▶ [Extracted information]:
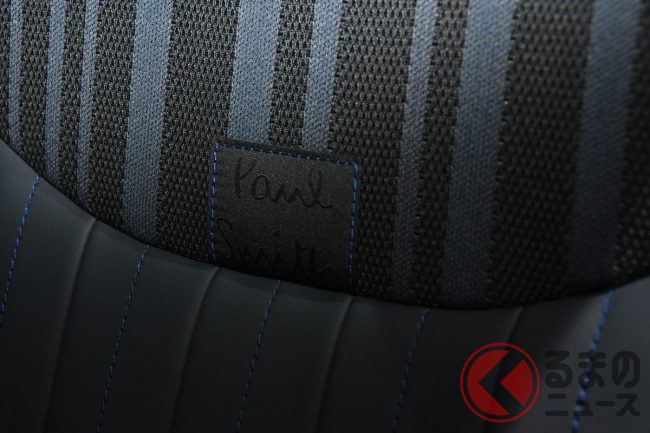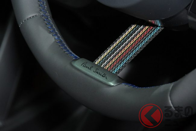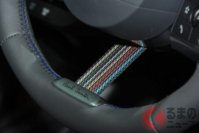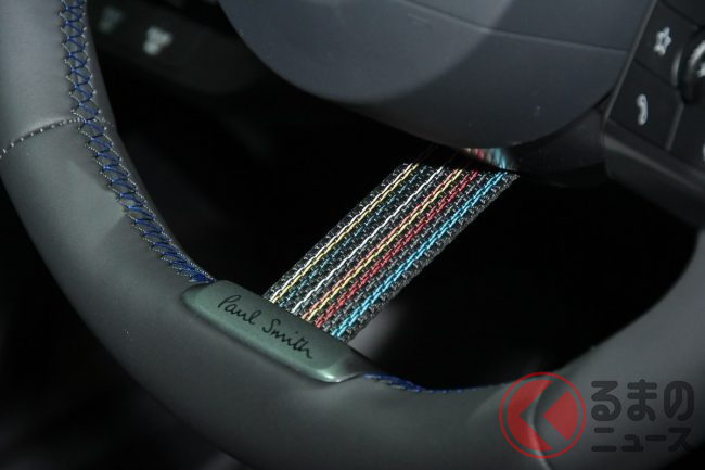 エクステリアには、ポールスミスならではのアクセントも随所に施されています。有名なマルチカラーの「シグネチャー・ストライプ」が運転席後部のルーフサイドにデザインされ、この特徴的なストライプ柄はインテリアにも大胆に展開されています。
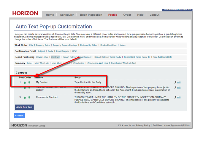 *NOTE: If you have multiple contracts, set the contact you wish to use in the number 1 position to use that contract in your report.
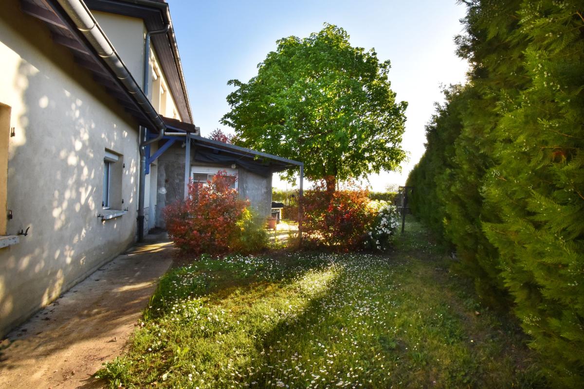 La parcelle d'environ 1300 m2 en bordure de champs comporte un espace parking, un coin avec piscine hors sol, un appentis en bois, une zone potager et un mini poulailler. Ici aussi les espaces peuvent être redistribués si création d'un deuxième logement.
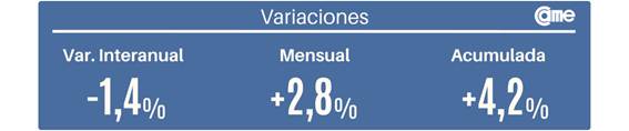 En la comparación mensual desestacionalizada, se observó un incremento de 2,8%. En lo que va del año, las ventas acumulan un aumento interanual de 4,2%.
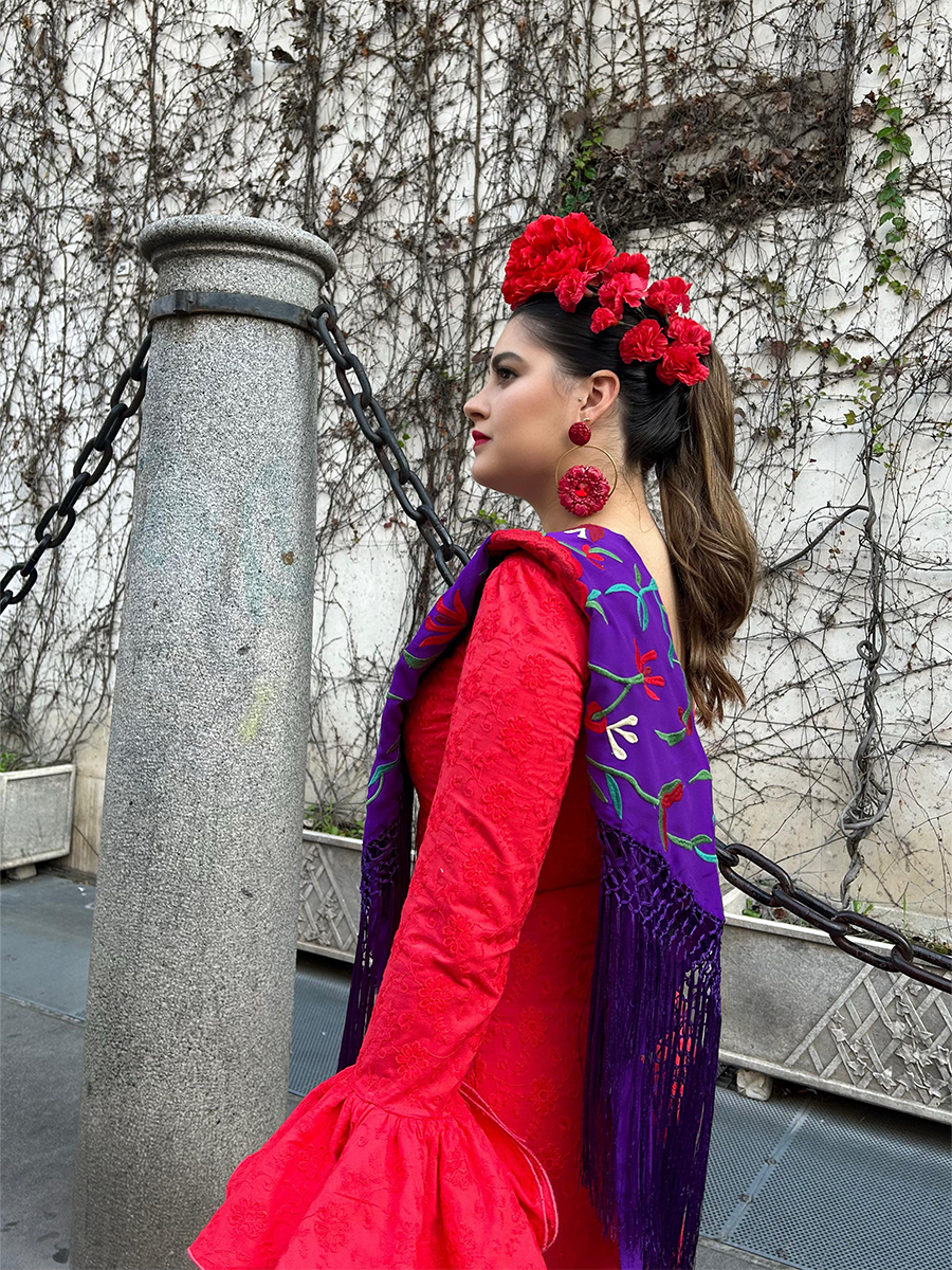 - Mantón: Morado con estampado floral y flecos largos, sobre los hombros

▶ [Problem details]: The material above must be printed exactly, with its pictures left out.

▶ [Exercise result]:
 エクステリアには、ポールスミスならではのアクセントも随所に施されています。有名なマルチカラーの「シグネチャー・ストライプ」が運転席後部のルーフサイドにデザインされ、この特徴的なストライプ柄はインテリアにも大胆に展開されています。
 *NOTE: If you have multiple contracts, set the contact you wish to use in the number 1 position to use that contract in your report.
 La parcelle d'environ 1300 m2 en bordure de champs comporte un espace parking, un coin avec piscine hors sol, un appentis en bois, une zone potager et un mini poulailler. Ici aussi les espaces peuvent être redistribués si création d'un deuxième logement.
 En la comparación mensual desestacionalizada, se observó un incremento de 2,8%. En lo que va del año, las ventas acumulan un aumento interanual de 4,2%.
 - Mantón: Morado con estampado floral y flecos largos, sobre los hombros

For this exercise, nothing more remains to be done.